Перед Форумом Юлия поплотнее закуталась в тяжелый плащ.
— Надо было перенести покупки на другой день, — пожаловалась она. — Давайте срежем путь.
Галлия повела нас через двор Сената, где, несмотря на дурную погоду, слушалось очередное дело. На двух разных помостах, укрывшись от измороси под тонким навесом, стояли тепло одетые мужчины. При виде столпившихся зрителей я потянула спутницу за край накидки.
— Может, задержимся посмотреть, о чем здесь толкуют?
— В такую погоду? — воскликнула Юлия.
— Смотри, сколько зрителей. Вдруг это похоже на дело рабов Гая Фабия?
Я видела, как она разрывается между манящим зовом теплых лавок и собственным любопытством.
— Если только на минутку. И только если мне будет интересно.
Мы встали за платформой, на местах, предназначенных для сенаторов и членов семьи новоявленного императора. Двое солдат охраняли юную обвиняемую — судя по богатой одежде, не плебейку. Пушистый мех щекотал ее щеки, ноги были обуты в новые кожаные сандалии, в длинной и аккуратной косе блестело золото — в общем, любой мужчина обернулся бы, повстречав ее на улице. Девушка, скромно потупившись, слушала своего защитника.
— Все мы свидетели, как адвокат Аквилы заявил, будто бы эта девочка раньше была его рабыней, — рассерженно говорил он. — А потом ее якобы выкрали в младенчестве. Все это наглая и бесстыдная ложь. Как мог Аквила узнать обвиняемую через пятнадцать лет? Может, по пухленьким щечкам? По толстым ножкам и пронзительному плачу? — В толпе раздались смешки. — К чему это странное заявление о какой-то похищенной собственности? Может быть, дело в ее красоте? — Слушатели неодобрительно закачали головами, а грузный мужчина в накидке из меха злобно прищурился. — Может быть, он месяцами домогался внимания Туллии? А потом, зная, что ее отец почтенный центурион, выдумал этот единственный способ добиться желаемого?
— Лжешь! — выкрикнул адвокат Аквилы.
— Я докажу вам, что не лгу! Девушка, которую вы видите перед собой, никогда не была рабыней. Я приведу десяток людей, наблюдавших ее рождение и готовых подтвердить…

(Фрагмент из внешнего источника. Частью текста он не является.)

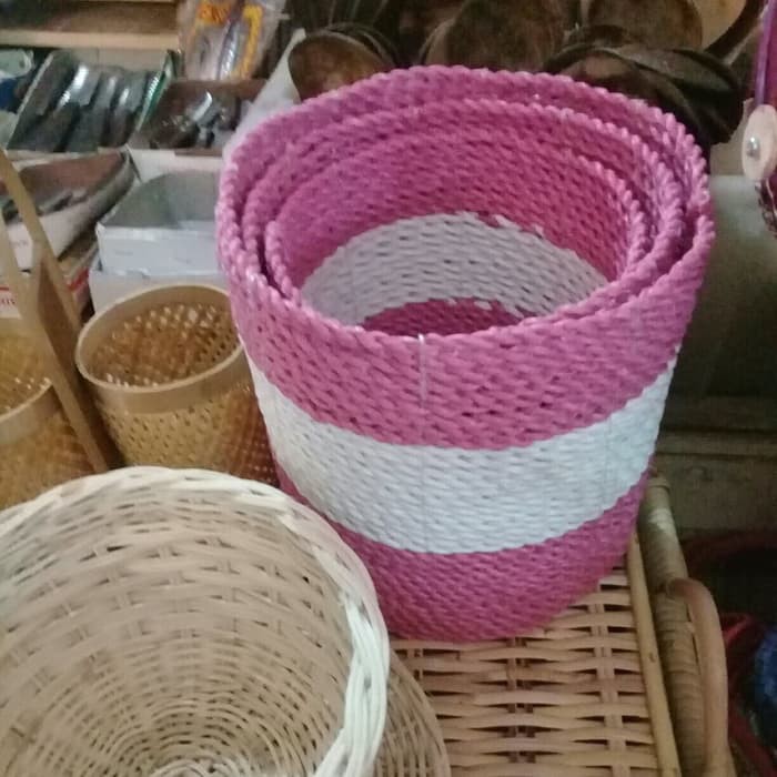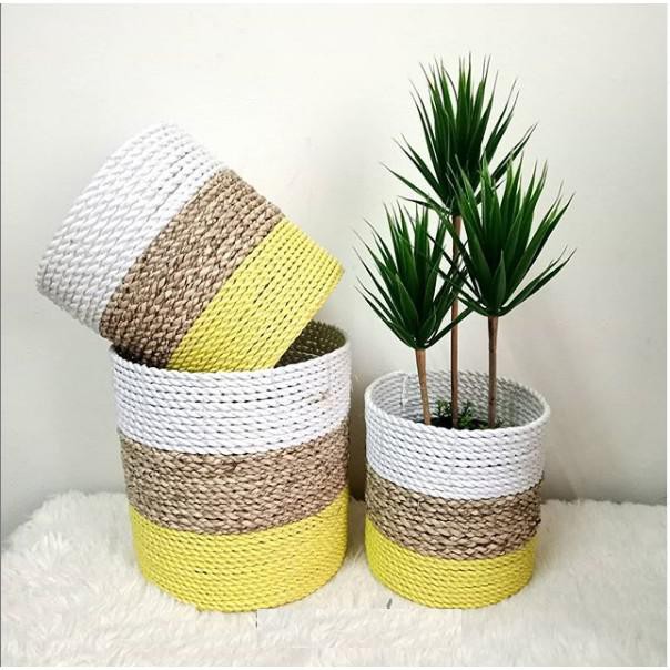 COVER POT BUNGA ANYAMAN SEAGRASS KOMBI SINTETIS COVER VAS BUNGA HIAS KERANJANG POT ISI 3 PCS UK SML | Shopee Indonesia

— Каких людей? — подал голос его противник. — Рабов, которые так легко покупаются?
— Не так легко, как присяжные, — возразил защитник, и сидевшие на передней скамье напрягли спины. — Да, верно, римские повитухи — рабыни, но я приведу ее мать, отца, даже теток, и вы увидите несомненное сходство…

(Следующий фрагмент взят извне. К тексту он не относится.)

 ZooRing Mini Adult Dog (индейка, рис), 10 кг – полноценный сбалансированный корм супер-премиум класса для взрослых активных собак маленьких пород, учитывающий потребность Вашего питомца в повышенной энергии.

— Между нами тоже найдется сходство! — ухмыльнулся адвокат Аквилы. — Замечаете? Темная кожа, короткие волосы. Это еще не делает меня вашим сыном!

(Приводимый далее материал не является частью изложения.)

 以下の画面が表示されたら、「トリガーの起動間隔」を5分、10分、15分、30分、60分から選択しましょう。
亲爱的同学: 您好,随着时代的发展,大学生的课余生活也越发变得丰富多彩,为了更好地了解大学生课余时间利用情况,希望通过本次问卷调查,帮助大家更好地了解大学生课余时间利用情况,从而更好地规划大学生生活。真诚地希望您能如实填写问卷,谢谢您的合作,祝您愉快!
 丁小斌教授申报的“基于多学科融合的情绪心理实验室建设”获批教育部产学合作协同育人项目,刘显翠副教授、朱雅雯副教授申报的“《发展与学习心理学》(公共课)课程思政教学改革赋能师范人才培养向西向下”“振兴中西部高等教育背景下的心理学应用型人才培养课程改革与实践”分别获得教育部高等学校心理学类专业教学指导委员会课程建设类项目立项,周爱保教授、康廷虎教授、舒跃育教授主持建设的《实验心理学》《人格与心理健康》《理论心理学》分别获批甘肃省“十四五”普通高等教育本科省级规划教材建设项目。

Кое-кто из присяжных одобрительно хохотнул, и у меня неприятно заныло в желудке.
— Завтра я предоставлю свидетелей, — пообещал защитник Туллии. — Прошу вас, когда настанет время вынести решение, просто воспользуйтесь здравым смыслом. Какой господин станет пятнадцать лет молчать о похищенной собственности? Почему вдруг Туллия? Почему сейчас? И помните, — зловеще предостерег он, — если этому человеку захочется надругаться над новой жертвой, ею может оказаться ваша сестра, ваша дочь, ваша супруга, в конце концов!
Присяжные встали, толпа начала расходиться.
— Это все? — возмутилась Юлия. — Почему не вызвать свидетелей прямо сегодня?
— Дождь усилился, — пояснила Галлия.
Действительно, а мы даже не заметили. Солдаты увели девушку с помоста. Грузный мужчина так и пожирал ее глазами. Туллия старательно избегала этого взгляда, зато неотрывно смотрела на женщину, рыдавшую под дождем. Это мать, печально подумалось мне. Рядом, положив руку на сердце и словно беззвучно давая клятву, застыл широкоплечий центурион. Несчастная задрожала, потом у нее подогнулись колени…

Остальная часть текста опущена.